Alternativ zum Monofilamentleiter mit einer einzigen
Keramikfüllung können vor dem Flachwalzen mehrere dieser Rohdrähte gebündelt und in ein weiteres Rohr eingebracht werden. Die Umformung beginnt von Neuem. Man
erhält schließlich einen Multifilamentleiter mit mehreren
Keramikfilamenten. Abbildung 19 a zeigt einen solchen Silberbandleiter mit 55 Filamenten (schwarz), die in eine Silbermatrix (hell) eingebettet sind. Die Herstellung eines solchen Leiters mit derart feinen einzelnen Filamenten – die
Querschnittsfläche eines Filaments liegt unter 1/100 mm2 –
SUPRALEITFÄHIGKEIT
setzt umfangreiche Erfahrungen in
der Umformtechnik voraus.
Bisher lassen sich mit diesem Verfahren Bandleiter in Längen von mehreren 100 m bis über einem 1 km produzieren.
Ein Bandleiter wie
in Abbildung 19 a erreicht bei 77 K eine maximale Stromtragfähigkeit von ca. 85 A, das
sind auf den Keramikquerschnitt normiert 40000
A/ cm2, oder auf den gesamten Bandleiter (inklusive der Silberummantelung)
bezogen 10000 A/cm2. Um
die über den gesamten Bandleiter berechneten maximalen
Stromstärken auf mindestens
20000 A/cm2 zu erhöhen und die
hohen Herstellungskosten zu senken, sind aber noch weitere Entwicklungsarbeiten zu leisten.
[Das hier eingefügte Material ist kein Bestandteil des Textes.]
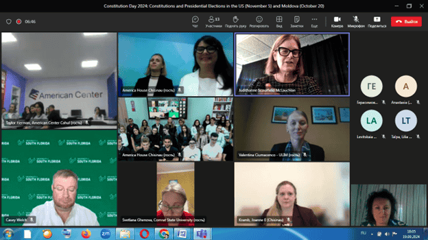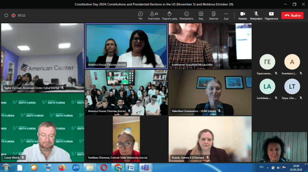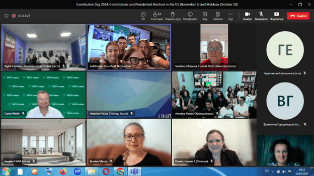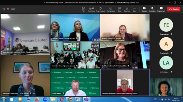 Pe data de 19 septembrie 2024, studenți și cadrele didactice ai Universității de Stat din Comrat au participat la un telepod între Statele Unite ale Americii (SUA) și Republica Moldova pe tema „Alegerile constituționale din Statele Unite ale Americii din 5 noiembrie 2024 și alegerile prezidențiale din Republica Moldova din 20 octombrie 2024”. În cadrul telepodului au fost prezentate principalele acte legislative ale SUA și Republicii Moldova, structura acestora, procedura de modificare și specificitățile aplicării. S-au discutat întrebări legate de alegerile viitoare, limita de vârstă pentru președinte și alte teme actuale. Participanții la telepod au fost Universitatea din Florida de Sud (USF), reprezentantul Ambasadei Chișinăului – atașatul educațional al Ambasadei SUA, Joanna E. KRAMB, Universitatea de Stat din Comrat (USC), Universitatea de Stat din Moldova (MSU), Universitatea Independentă Internațională a Moldovei (ULIM) și Centrul Cultural American (America House) din Chișinău. Întâlnirea a fost deschisă de profesorul Universitatea din Florida de Sud (USF), prof. Judithanne MCLAUCHLAN, care a prezentat programul evenimentului și participanții din partea americană. Din partea Universității de Stat din Comrat, prorectorul pentru activitatea științifică și relații internaționale, dr., conf. univ. Svetlana GHENOVA, a prezentat participanții și a exprimat disponibilitatea de a continua colaborarea cu Universitatea din Florida de Sud în diverse domenii. După cuvântul de salut, prof. Lia BUTUCEL (Universitatea de Stat din Moldova) a vorbit despre Constituția Republicii Moldova, iar Constituția Americană a fost prezentată de prof. Judithanne MCLAUCHLAN (USF St Petersburg, fost Fulbrighter în Moldova, la ULIM) și vice-cancelarul Casey WELCH (USF Sarasota-Manatee). Administrația Universității de Stat din Comrat mulțumește Universitatea din Florida de Sud (USF) și Centrului Cultural American (America House) din Chișinău pentru organizarea telepodului între Statele Unite ale Americii și Republica Moldova și speră la o colaborare viitoare în activitatea educațională și de cercetare.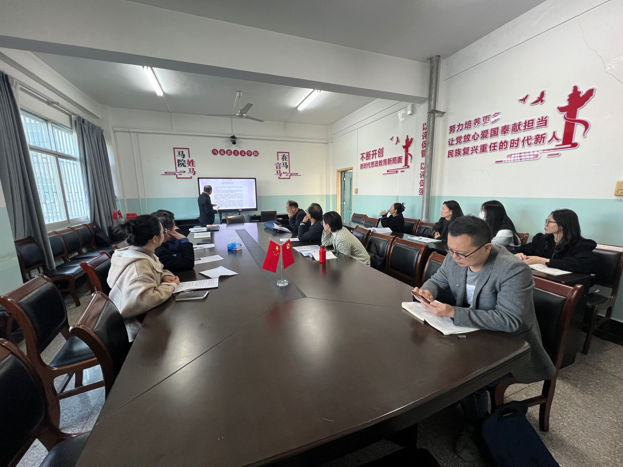 自由讨论环节,与会教师围绕“如何解决学生上课玩手机”这一普遍难题积极献言献策,老师们结合自身教学经验,提出了“始于沟通,建立契约”“精心设计课堂,提升吸引力”“化敌为友,将手机变为学习工具”等多元策略,强调通过增强课堂互动性、参与感和现实针对性,激发学生学习兴趣,引导学生从“被动听讲”转向“主动参与”。会议还传达了2025年秋季学期“提升行动”专家听课调研方案,部署了《概论》课期中考试安排。

Nur so können
die neuen Werkstoffe auch in wirtschaftliche Konkurrenz zu den konventionellen Kabeln treten.
Die kritische Stromstärke
Die maximale Stromtragfähigkeit, auch kritische Stromstärke genannt, gibt an, wie groß der von einem supraleitenden Material zu transportierende Strom sein darf. Ein
Überschreiten der kritischen Stromstärke führt zum Übergang in den normalleitenden Zustand. Grund dafür ist das
Auseinanderbrechen der Cooper-Paare.
Für den Stromtransport werden die Cooper-Paare im
elektrischen Feld beschleunigt. Die Zahl der pro Zeiteinheit zu transportierenden Ladungen (Stromstärke) bestimmt
bei gegebenem Leiterquerschnitt die Geschwindigkeit und
damit die kinetische Energie der Cooper-Paare im Supraleiter. Wird diese kinetische Energie größer als die Bindungsenergie zwischen den Elektronen der Paare, brechen sie
auseinander, und es erfolgt der Übergang in den normalleitenden Zustand. Die erreichbare Stromstärke ist dabei eine Funktion von Temperatur und Magnetfeld: Je tiefer die
Temperatur, desto kleiner ist die thermische Energie, die
den Cooper-Paaren zugeführt wird und um so größer kann
die kinetische Energie (der zu transportierende Strom) werden, bis die Supraleitung durch Aufbrechen der CooperPaare verschwindet.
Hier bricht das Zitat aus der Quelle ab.